To form networks, the initial GFAP dimers combine to make staggered tetramers,[20] which are the basic subunits of an intermediate filament. Since rod domains alone in vitro do not form filaments, the non-helical head and tail domains are necessary for filament formation.[18] The head and tail regions have greater variability of sequence and structure. In spite of this increased variability, the head of GFAP contains two conserved arginines and an aromatic residue that have been shown to be required for proper assembly.[14]
Function in the central nervous system
GFAP is expressed in the central nervous system in astrocyte cells.[6][21] It is involved in many important CNS processes, including cell communication and the functioning of the blood brain barrier.
GFAP has been shown to play a role in mitosis by adjusting the filament network present in the cell. During mitosis, there is an increase in the amount of phosphorylated GFAP, and a movement of this modified protein to the cleavage furrow.[22] There are different sets of kinases at work; cdc2 kinase acts only at the G2 phase transition, while other GFAP kinases are active at the cleavage furrow alone. This specificity of location allows for precise regulation of GFAP distribution to the daughter cells. Studies have also shown that GFAP knockout mice undergo multiple degenerative processes including abnormal myelination, white matter structure deterioration, and functional/structural impairment of the blood–brain barrier.[23] These data suggest that GFAP is necessary for many critical roles in the CNS.
GFAP is proposed to play a role in astrocyte-neuron interactions as well as cell-cell communication. In vitro, using antisense RNA, astrocytes lacking GFAP do not form the extensions usually present with neurons.[24] Studies have also shown that Purkinje cells in GFAP knockout mice do not exhibit normal structure, and these mice demonstrate deficits in conditioning experiments such as the eye-blink task.[25] Biochemical studies of GFAP have shown MgCl2 and/or calcium/calmodulin dependent phosphorylation at various serine or threonine residues by PKC and PKA[26] which are two kinases that are important for the cytoplasmic transduction of signals. These data highlight the importance of GFAP for cell-cell communication.
GFAP has also been shown to be important in repair after CNS injury. More specifically for its role in the formation of glial scars in a multitude of locations throughout the CNS including the eye[27] and brain.[28]

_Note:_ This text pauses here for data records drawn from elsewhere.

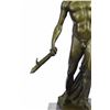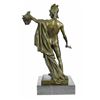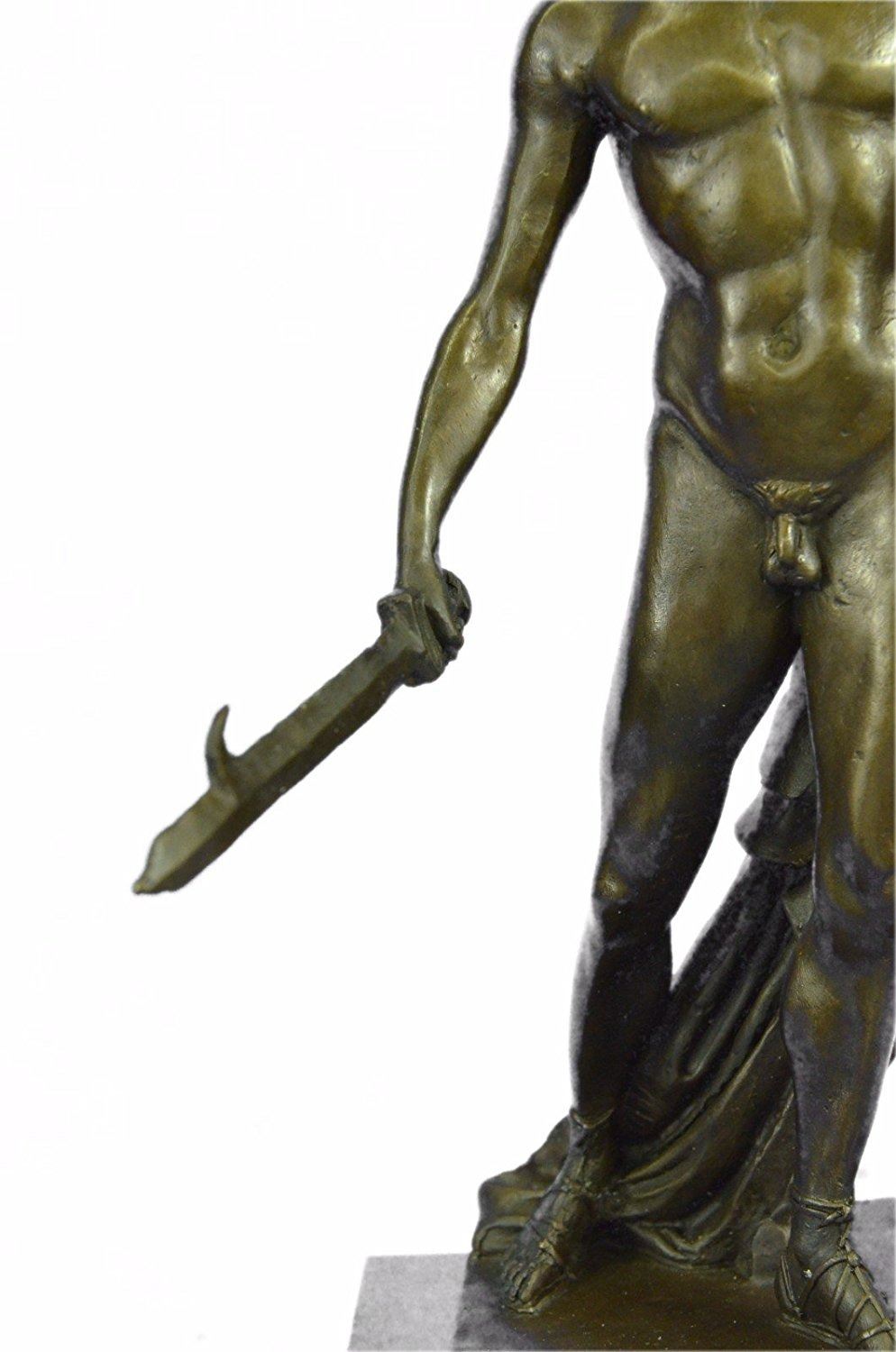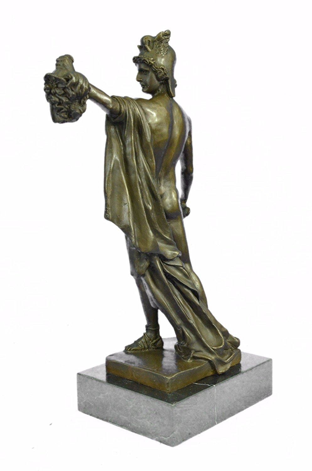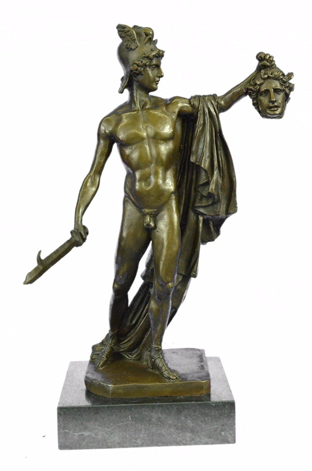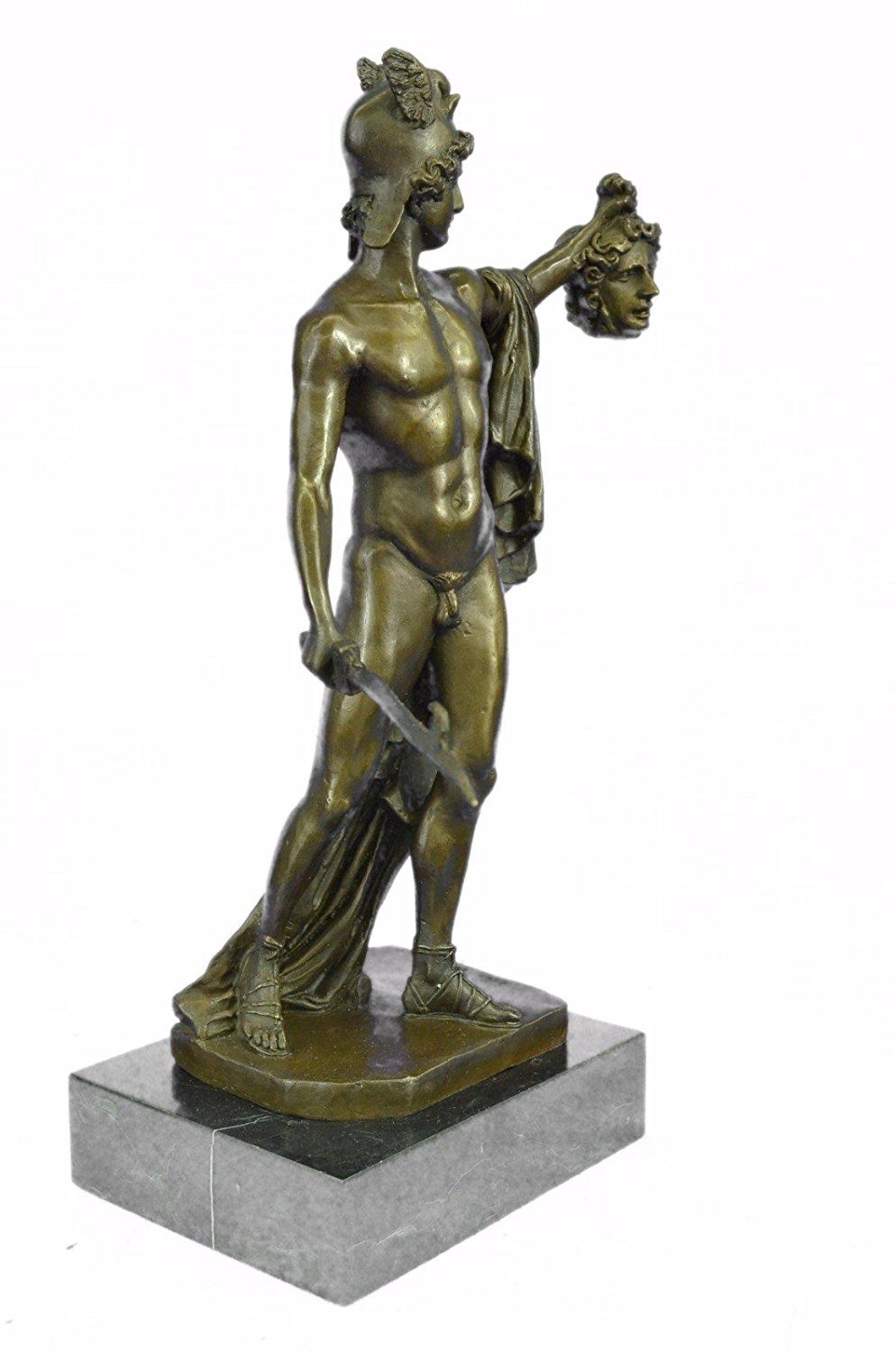 Cellinis Bronze Sculpture of Perseus Beheading the Medusa was the defining masterpiece of the Florentine sculptors career. Much has been written about it but, of particular interest, is Michael Coles 1999 article, Cellinis Blood, in which he relates how this was the first major Bronze Sculpture cast in Florence for half a century. The story goes that as Perseus slit the Medusas neck, the winged horse Pegasus sprang from her blood and flew up to Zeus in the heavens, thus becoming a symbol for poetic inspiration. In that sense the gushing blood, a notably new element in Cellinis conception, symbolizes creation and the creative process. The Bronze Sculpture was molded using the ancient method of lost wax casting and finished with a brown patina tarnish. The Sculpture is mounted upon a black variegated marble base. Bronze Dimensions with Marble Base: Height 15 X Width 12 inches. Weight: 12 LBS.
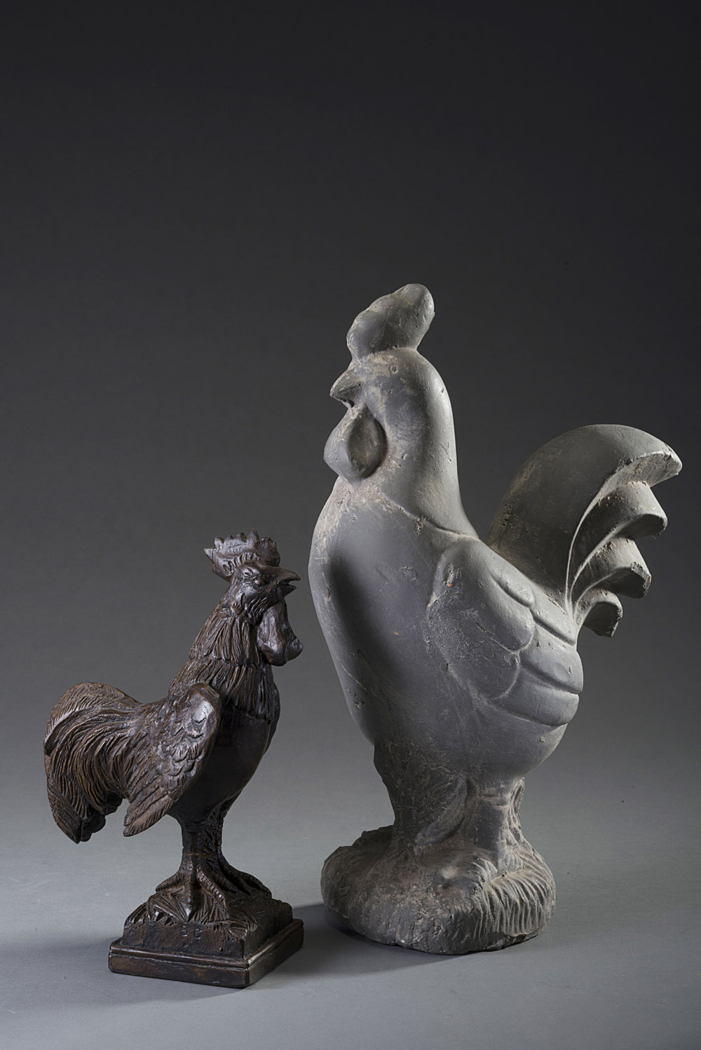 Lotto composto da una scultura in legno ed una in cotto patinata a finta pietra raffiguranti galli (difetti) Lot comprising a wooden and a clay sculpture representing cocks (defects)
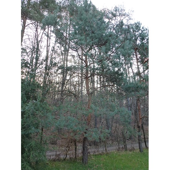 P. sylvestris is a large evergreen tree to 25m, with the upper trunk and branches orange-brown, developing a picturesque, irregular outline with maturity. Twisted grey-green needles are borne in pairs. Cones 5cm in length.
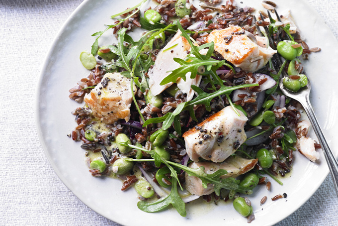 Cá hồi thịt trắng rất giàu omega-3, ngăn ngừa quá trình tích mỡ, chứa hàm lượng chất béo và calo rất thấp, không gây tăng cân, tích mỡ như những loại thực phẩm khác. Hoặc cá thu, cá mòi đều có tác dụng giảm cân tương tự.
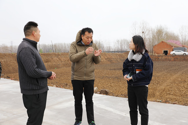 4月2日上午,冒著淅瀝瀝的春雨,青口公司副總經(jīng)理許太冬帶領樊家選、趙華兵兩位技術指導小組成員,來到海頭鎮(zhèn)龍河村新復墾的240畝土地現(xiàn)場,與結(jié)對聯(lián)建的龍河村村委成員熱切交流,為新復墾的土地發(fā)展規(guī)劃出謀劃策。
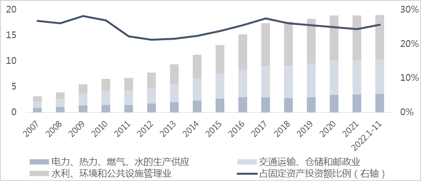 根據(jù)WIND數(shù)據(jù),廣義基建投資2021年達到18.9萬億元,占全社會固定資產(chǎn)投資額的24%,具體分為三大類行業(yè),一是交通運輸、倉儲和郵政業(yè),占2021年基建投資的36%,主要有道路運輸業(yè)(包括城市軌交,不含市政道路)、鐵路運輸業(yè)、倉儲業(yè)等;二是水利、環(huán)境和公共設(shè)施管理業(yè),占2021年基建投資的46%,主要有公共設(shè)施管理業(yè)(包括城市道路、排水、橋梁、廣場、公園等市政工程和城市公共設(shè)施)、水利管理業(yè)、生態(tài)保護和環(huán)境治理業(yè)等;三是電力、熱力、燃氣及水的生產(chǎn)和供應(yīng)業(yè),占2021年基建投資的18%。
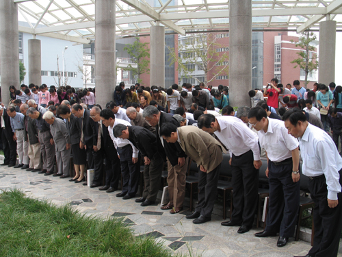 王耀同志发表讲话。他说,作为一名教育家和著名学者,周守正教授给后人留下了很多宝贵的财富。他认为周守正教授塑像的落成具有三方面的意义,一是铭记一个时代,以周守正教授为代表的一代教育工作者如何教书育人;二是弘扬一种精神,即老一代学人精心治学、锲而不舍的精神;三是凝聚一种人气,河南大学的师生在周守正教授精神的激励下,必将为河南教育事业的发展做出更大的贡献。
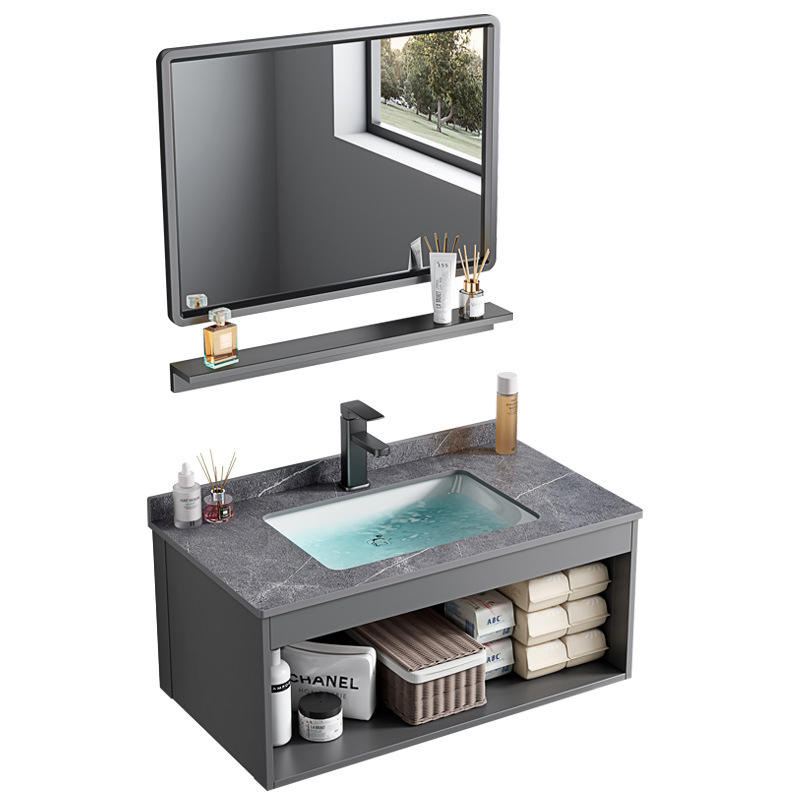Wall-Mounted Aluminum Alloy Grey Doorless Integrated Basin Cabinet One-Piece Ceramic Basin Small Apartment Bathroom Furniture
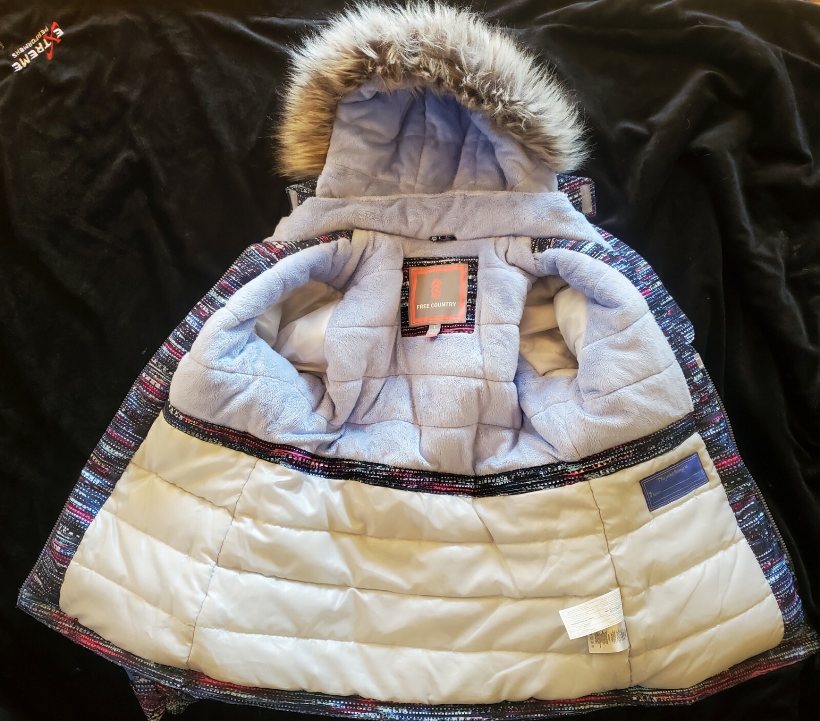 как выглядит Free Country - Girls L 14/16 Blue with pattern Hooded winter coat фото
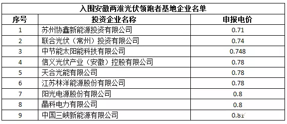 10月10日,安徽兩淮光伏領(lǐng)跑者基地中標(biāo)名單公示,9家企業(yè)入圍,最低報(bào)價(jià)為協(xié)鑫0.71元/千瓦時(shí)。
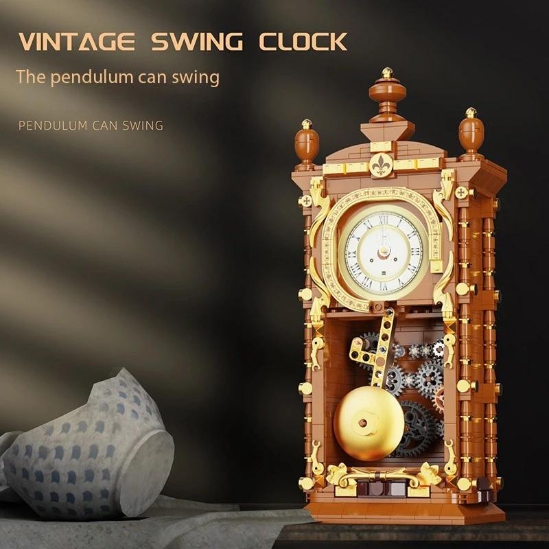 Retro Building Blocks Swing Pendulum Clock Construction Brick Set DIY Construction Toy for Kids Adults Classic Creative Gift
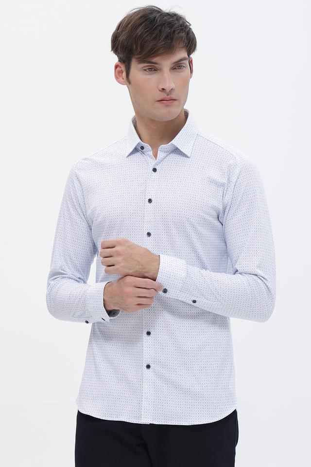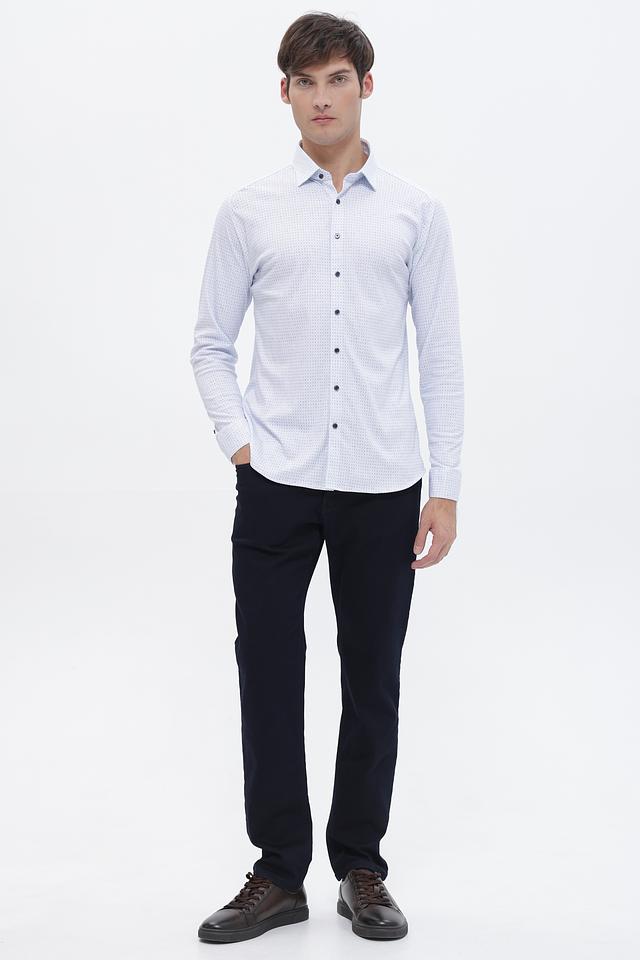 Мужская рубашка Desoto голубого цвета с мелким геометрическим принтом. Классический крой и 100% хлопковый состав обеспечивают комфорт и удобство в носке. Состав: хлопок 100%
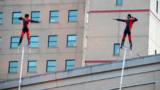 两个演员在空中飞行,最后竟然换了杆子,让人赞叹不已
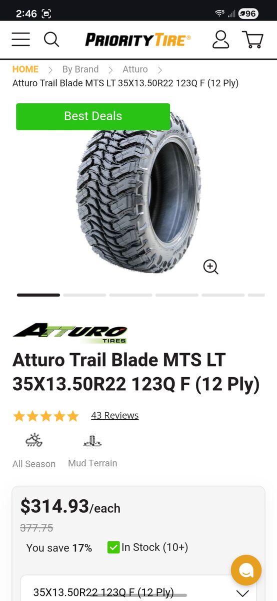 Tire Atturo Trail Blade MTS LT 35X13.50R22 123Q F (12 Ply) new asking $149 retail $314
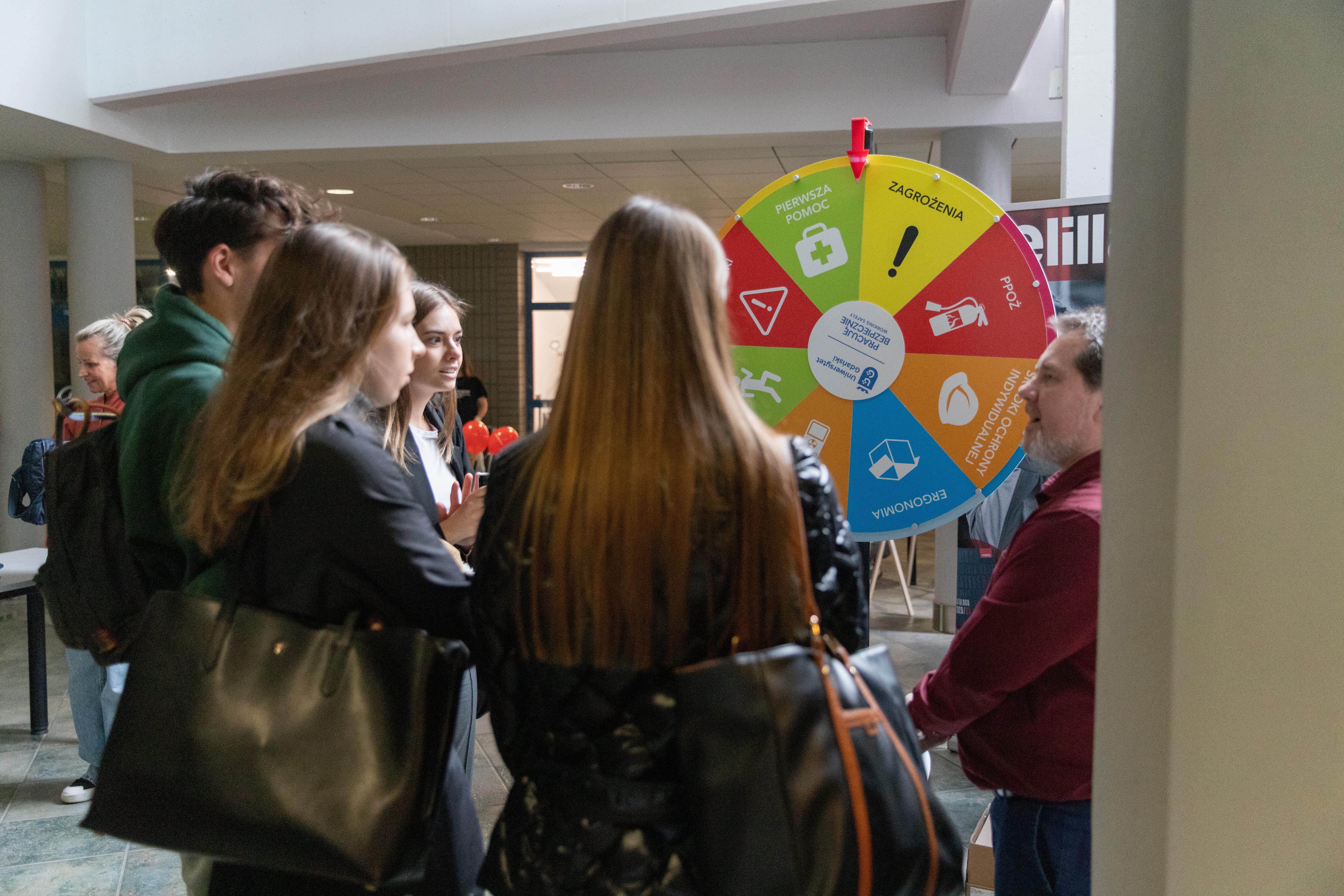 Z pozostałych atrakcji można było skorzystać pod dachem. W holu WPiA liczne stoiska zaprzyjaźnionych jednostek, instytucji i organizacji pozwalały uczestnikom zaznajomić się z rozmaitymi aspektami dbania o zdrowie i bezpieczeństwo zarówno w miejscu pracy, jak i poza nim. Odwiedzający mogli na przykład obejrzeć z bliska dron przystosowany do wykonywania operacji powietrznych w pomieszczeniach zamkniętych (takich jak zbiorniki), poznać skład własnego ciała za pomocą specjalnego analizatora, zmierzyć czas reakcji za pomocą refleksomierza lub przetestować działanie egzoszkieletu pasywnego, służącego do wspomagania układu mięśniowo-szkieletowego.

In 2016 a CNS inflammatory disorder associated with anti-GFAP antibodies was described. Patients with GFAP astrocytopathy developed meningoencephalomyelitis with inflammation of the meninges, the brain parenchyma, and the spinal cord. About one third of cases were associated with various cancers and many also expressed other CNS autoantibodies.
Disease states
There are multiple disorders associated with improper GFAP regulation, and injury can cause glial cells to react in detrimental ways. Glial scarring is a consequence of several neurodegenerative conditions, as well as injury that severs neural material. The scar is formed by astrocytes interacting with fibrous tissue to re-establish the glial margins around the central injury core[29] and is partially caused by up-regulation of GFAP.[30]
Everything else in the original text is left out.